_EXERCISE REQUIREMENTS_.
Please set down only the lines below starting with the line with "Список пенсионеров-ветеранов МБУ" and going on through the line with "これは娘が気に入った、ストロベリーソース付きの杏仁豆腐。", verbatim and without pictures.
***** DATA RECORDS
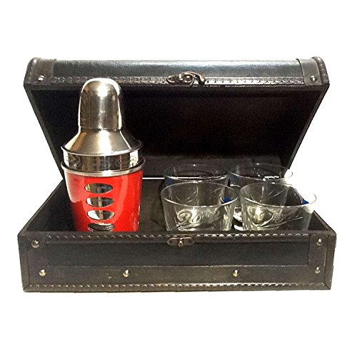 - Coffret pirate bois et simili cuir ave 4 Verres Luminarc. Coniques, fond épais et un shaker inox..
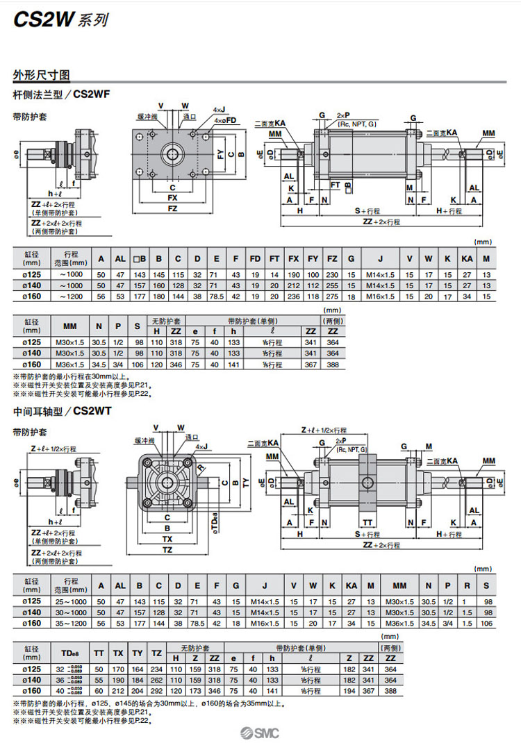 CS2WB125,CS2WL125,CS2WF125,CS2WT125,CDS2WB125,CDS2WL125,CDS2WF125,CDS2WT125,SMC雙桿型氣缸
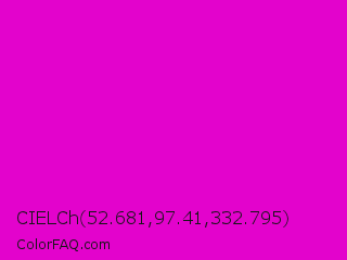 CIELCh 52.681,97.41,332.795 Color is a normal magenta color and the nearest color is Deep Magenta #cc00cc. Hex code #e303cc and RGB value is rgb(227,3,204). In RGB color space, this color is composed of 89% red, 1% green, 80% blue, In CMYK color space, this color is composed of 0% cyan, 99% magenta, 10% yellow , 11% black , In HSL color space, this color has a hue angle of 306° , 97% saturation and 45% lightness.
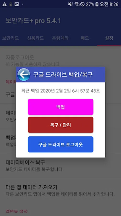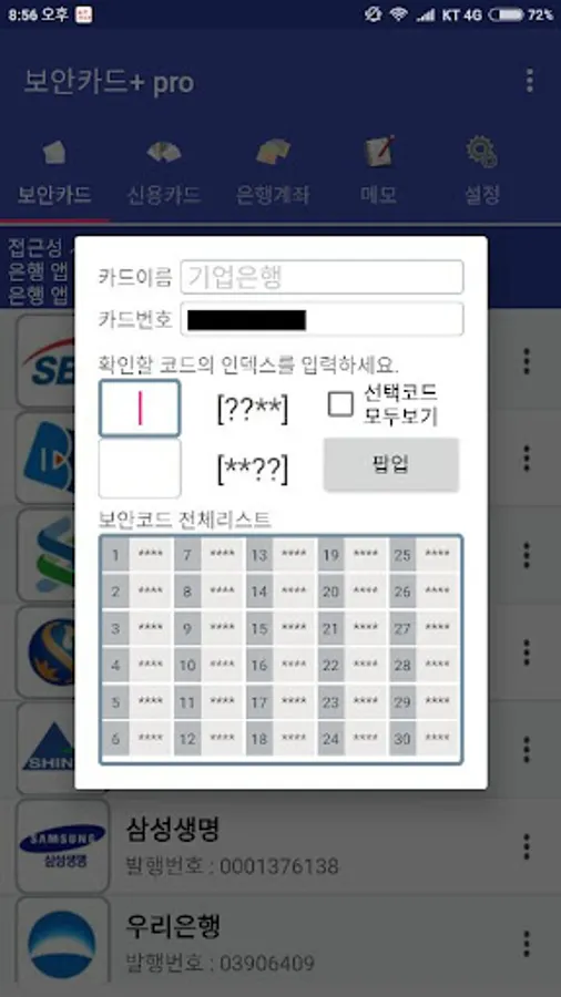 It is necessary to check whether the bank app is running. When the set app is executed, the security card pop-up window is executed.
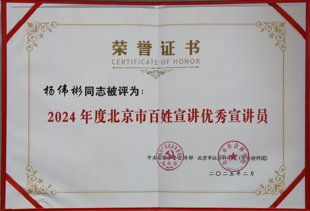 2月25日,北京市社会科学院(市委讲师团)公布2024年度北京市理论宣讲示范基地星级考评结果、表彰名单。ac米兰2024年理论宣讲示范基地星级考评获最高星级(三星级),因表现突出被评为2024年度“北京市理论宣讲示范基地工作先进单位”,党委宣传部副部长高尚获2024年度“北京市理论宣讲示范基地工作先进个人”,表演学部学生杨伟彬获2024年度“北京市百姓宣讲优秀宣讲员”。
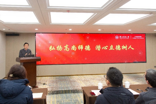 学院党委书记赵明文作题为“德韵启幕,致敬楷模”的讲话,他回顾了过去一年中学院在科研、教学、人才培养等方面取得的显著成就,并向为学院发展作出努力和贡献的师生表示崇高的敬意。弦歌不辍,赓续荣光,他鼓励大家继续发扬楷模精神,追求卓越,为生命科学事业的发展贡献力量。随后进行了“立德树人楷模“”学院优秀党支部书记“”学院先进工作者“颁奖仪式。
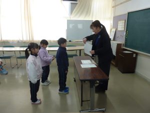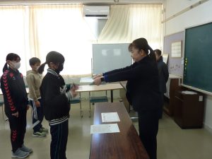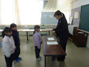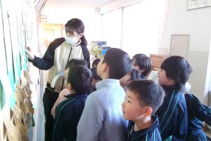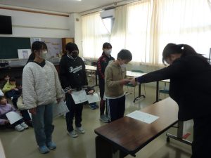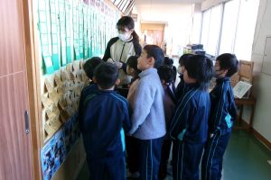 1年生は、校長室前に掲示してある、一人一人の「なりたい自分」カードを振り返り、先生に金と銀のシールを貼ってもらいました。これからも、目当てをもってがんばってくださいね。
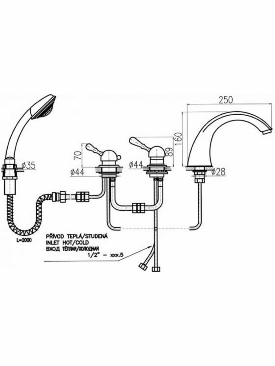 Смеситель на борт ванны Rav Slezak Labe L569.5PSM интересное:
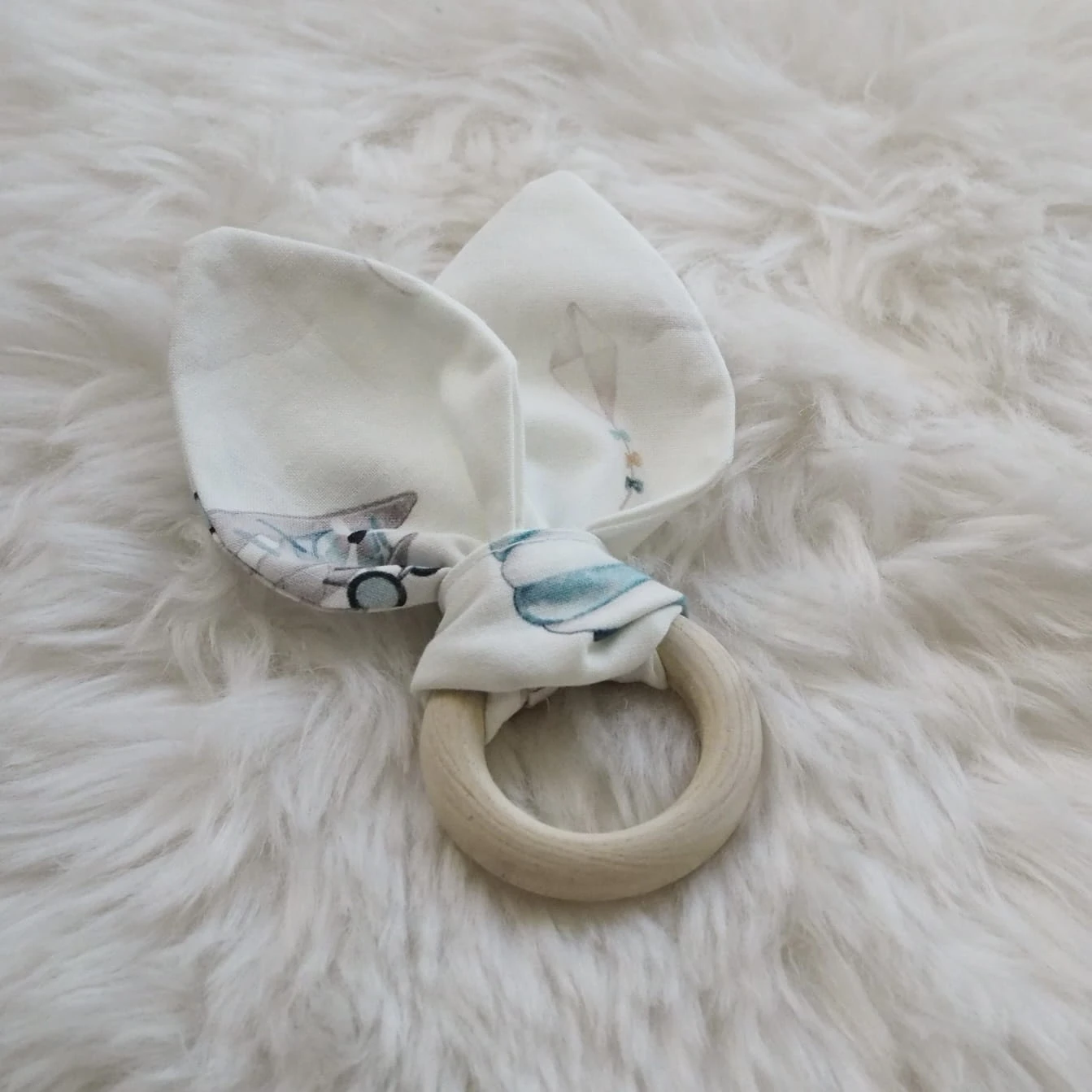 Gryzak wykonany z drewnianego, szlifowanego krążka oraz bawełnianej wstążki. Daje ukojenie maluszkowi podczas ząbkowania.
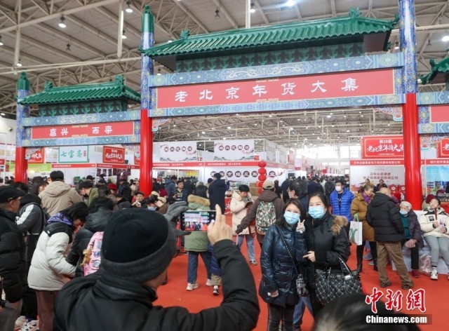 1月13日,第28届老北京年货大集在全国农业展览馆开市。大集上各地的土特产品和年货吸引大量市民来此置办年货。图为市民在大集的入口拍照。中新社记者 贾天勇 摄
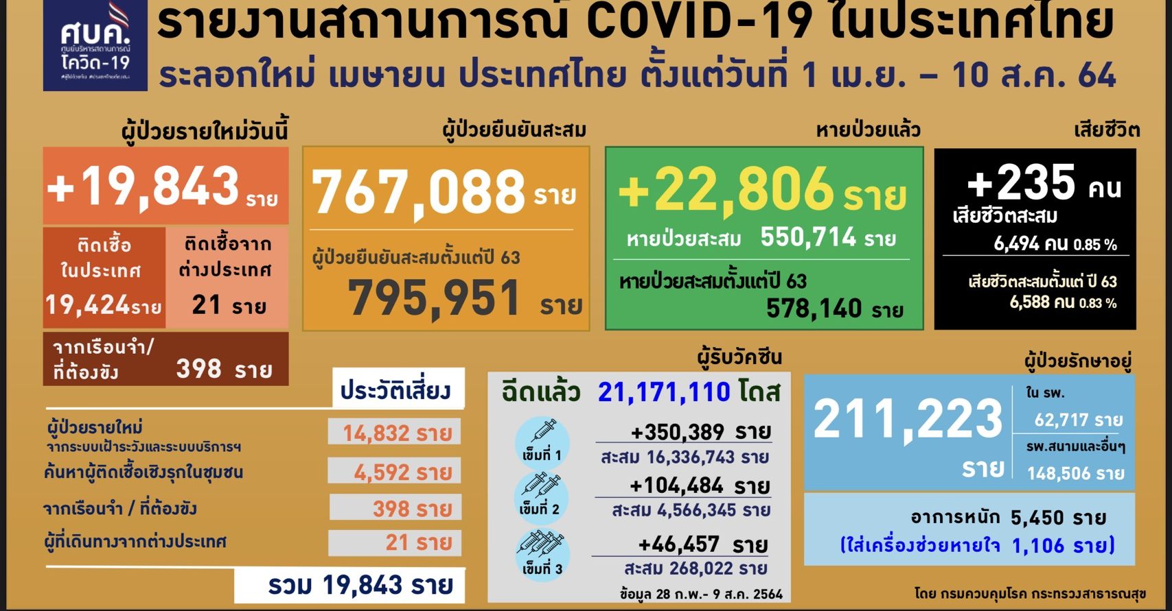 ศูนย์บริหารสถานการณ์โควิด-19 (ศบค.) รายงานสถานการณ์การแพร่ระบาดของโควิด-19 ในประเทศวันนี้ (10 ส.ค.) ว่า พบผู้ติดเชื้อรายใหม่ 19,843 ราย โดยแบ่งเป็นติดเชื้อในประเทศ 19,445 ราย จากเรือนจำ/ที่ต้องขัง 398 ราย สะสม 795,951 ราย รักษาหายป่วยเพิ่ม 22,806 ราย สะสม 578,140 ราย กำลังรักษาอยู่ 211,223 ราย แบ่งเป็นรักษาในโรงพยาบาล 62,717 ราย และโรงพยาบาลสนาม 148,506 ราย เป็นผู้ป่วยอาการหนัก 5,450 ราย ใส่เครื่องช่วยหายใจ 1,106 ราย เสียชีวิตเพิ่ม 235 ราย รวมเสียชีวิต 6,588 คน
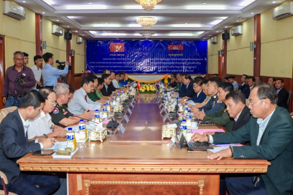 AKP បន្ទាយមានជ័យ ថ្ងៃទី២០ ខែមីនា ឆ្នាំ២០២៥--ឯកឧត្តម ប្លែក វ៉ារី ប្រធានក្រុមប្រឹក្សាខេត្ត និងឯកឧត្តម អ៊ុំ រាត្រី អភិបាលនៃគណៈភិបាលខេត្តបន្ទាយមានជ័យ បានទទួលស្វាគមន៍គណៈប្រតិភូខេត្តវិញឡុងនៃសាធារណរដ្ឋសង្គមនិយមវៀតណាម ដឹកនាំដោយឯកឧត្តម ង្វៀន ថាញ់វ៉ាន់ អគ្គកុងស៊ុលនៃស្ថានអគ្គកុងស៊ុលសាធារណរដ្ឋសង្គមនិយមវៀតណាមប្រចាំខេត្តបាត់ដំបង និងឯកឧត្តម ង្វៀន មិញយុង អនុប្រធានក្រុមប្រឹក្សាខេត្តវិញឡុង និងជាប្រធានប្រតិភូ អញ្ជើញមកទស្សនកិច្ច និងជូនពរឆ្នាំថ្មី ដល់ថ្នាក់ដឹកនាំមន្ត្រីរាជការប្រជាពលរដ្ឋនៃខេត្តបន្ទាយមានជ័យ ដោយមានការចូលរួមពីអភិបាលរងខេត្ត មន្ទីរ អង្គភាព ស្ថាប័នពាក់ព័ន្ធ មេបញ្ជាការកងកម្លាំងគ្រប់ជាន់ថ្នាក់នៅសាលប្រជុំ ខ សាលាខេត្តបន្ទាយមានជ័យ កាលពីរសៀលថ្ងៃទី១៩ ខែមីនា ឆ្នាំ២០២៥។
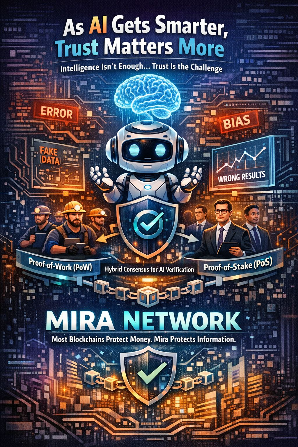 As AI systems get smarter and more independent, trust not intelligence becomes the real challenge. Sure AI can spit out answers make prediction& crunch data like nobody’s business but it still messes up. Sometimes it hallucinates facts, misreads the data or slips in its own biases. That’s where Mira Network steps in with something different: a hybrid consensus model that mixes Proof-of-Work (PoW) and Proof-of-Stake (PoS) to check AI’s answers in a decentralized, secure way.
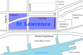 St. Lawrence is a neighbourhood located in downtown Toronto, Ontario, Canada. The area, a former industrial area, is bounded by Yonge, Front, and Parliament Streets, and the Canadian National railway embankment. The Esplanade off Yonge St., lined with restaurants, cafés and hotels runs through the middle of the area. In previous times, the area was sometimes referred to as 'St. Lawrence Ward' or more often today as 'St. Lawrence Market', synonymous with the large retail vendor market which is the neighbourhood's focal point. The area is the site of a large city-sponsored housing project of the 1970s, which revitalized an old 'brownfields' area. The boundaries of the St Lawrence Neighbourhood Association and the St Lawrence Market BIA are somewhat larger than those noted above. Both groups have boundaries that extend from Yonge to Parliament Streets and Queen Street East to the rail corridor.
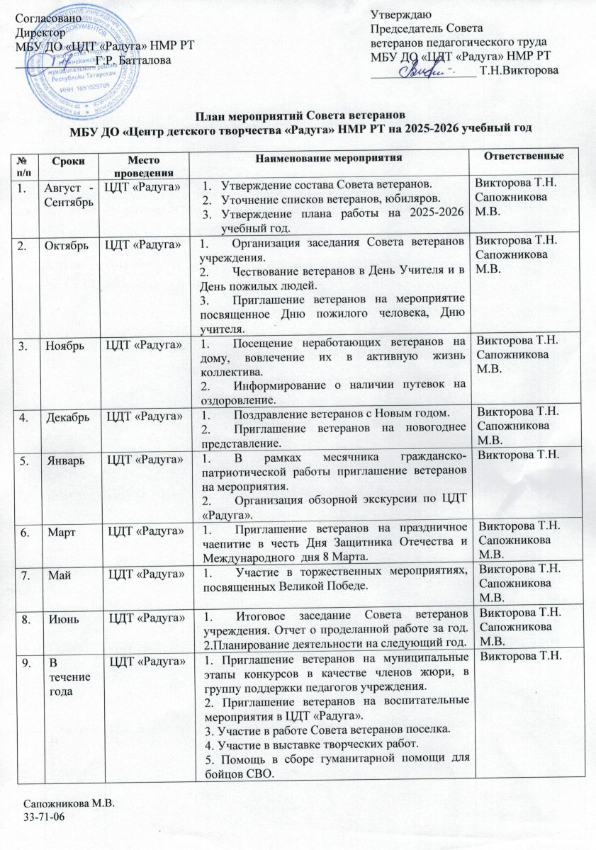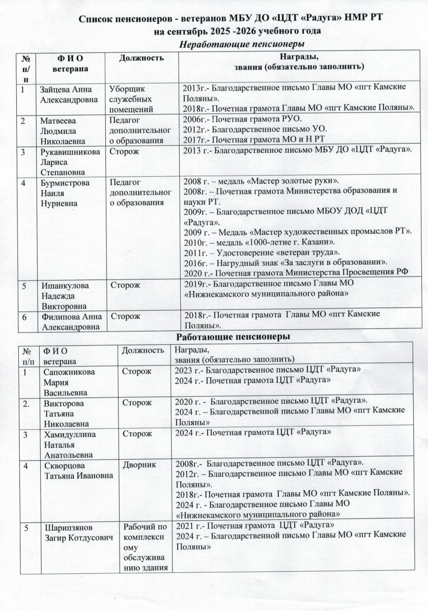 Список пенсионеров-ветеранов МБУ ДО ЦДТ "Радуга" НМР РТ на сентябрь 2025-2026 учебного года
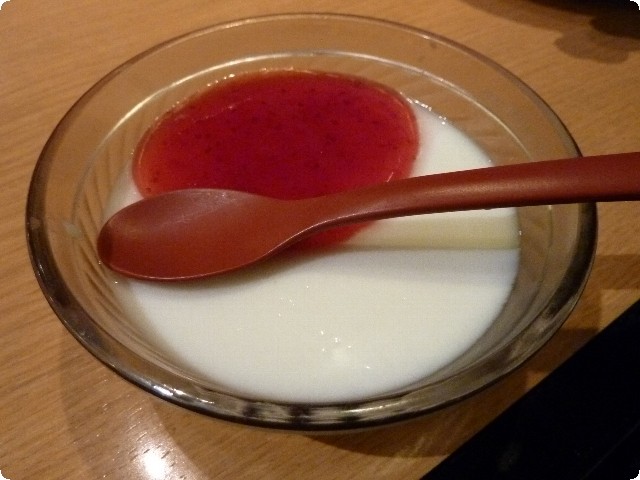 これは娘が気に入った、ストロベリーソース付きの杏仁豆腐。
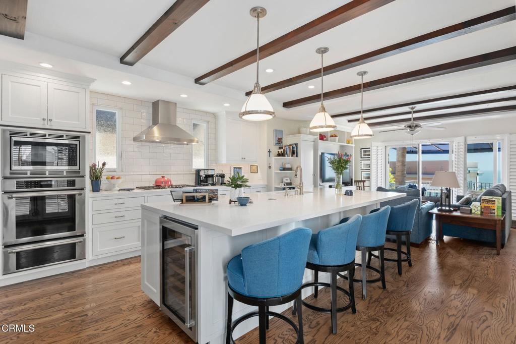 Experience timeless coastal elegance in this stunning Mediterranean retreat located in Ventura's sought-after Hobson Heights neighborhood. Showcasing panoramic ocean, island, and mountain views, this 3,164 sq ft home features 3 bedrooms, 3.5 baths, and a design that blends comfort with sophistication.Originally built in 1989 and extensively renovated in 2018, the home offers elevated finishes throughout--from oak hardwood floors and high coffered ceilings to a dramatic dark marble fireplace in the light-filled living room. The open-concept layout flows seamlessly into the dining area and a gourmet kitchen with an oversized granite island, prep sink, Sub-Zero wine fridge, and abundant storage.The main-level primary suite is a true retreat with a private view balcony, sitting area, spa-inspired bath, and a walk-in closet with built-ins. The lower level includes two guest bedrooms, a stylishly appointed den with patio access, an office with a separate entrance, and a versatile bonus room perfect for a gym or studio. Enjoy outdoor living in the 1,307 sq ft private backyard with a built-in BBQ, fireplace, and lush landscaping featuring Meyer lemon and peach trees. With three fireplaces, recessed lighting, plantation shutters, and dual-pane Milgard windows, every detail has been carefully curated. A spacious three-car garage and upgraded systems, including newer ductwork and a Champion security system, complete this exceptional home.Don't miss your chance to own a piece of California coastal luxury in one of Ventura's premier neighborhoods. www.LincolnDrive.com
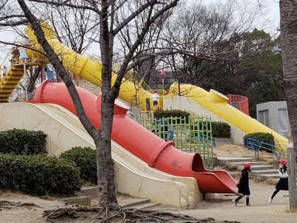 キッズプラザの見学が終わった後は、キッズプラザの前にある扇町公園で、遊んでいます。
**********
_REPLY_.
 Список пенсионеров-ветеранов МБУ ДО ЦДТ "Радуга" НМР РТ на сентябрь 2025-2026 учебного года
 これは娘が気に入った、ストロベリーソース付きの杏仁豆腐。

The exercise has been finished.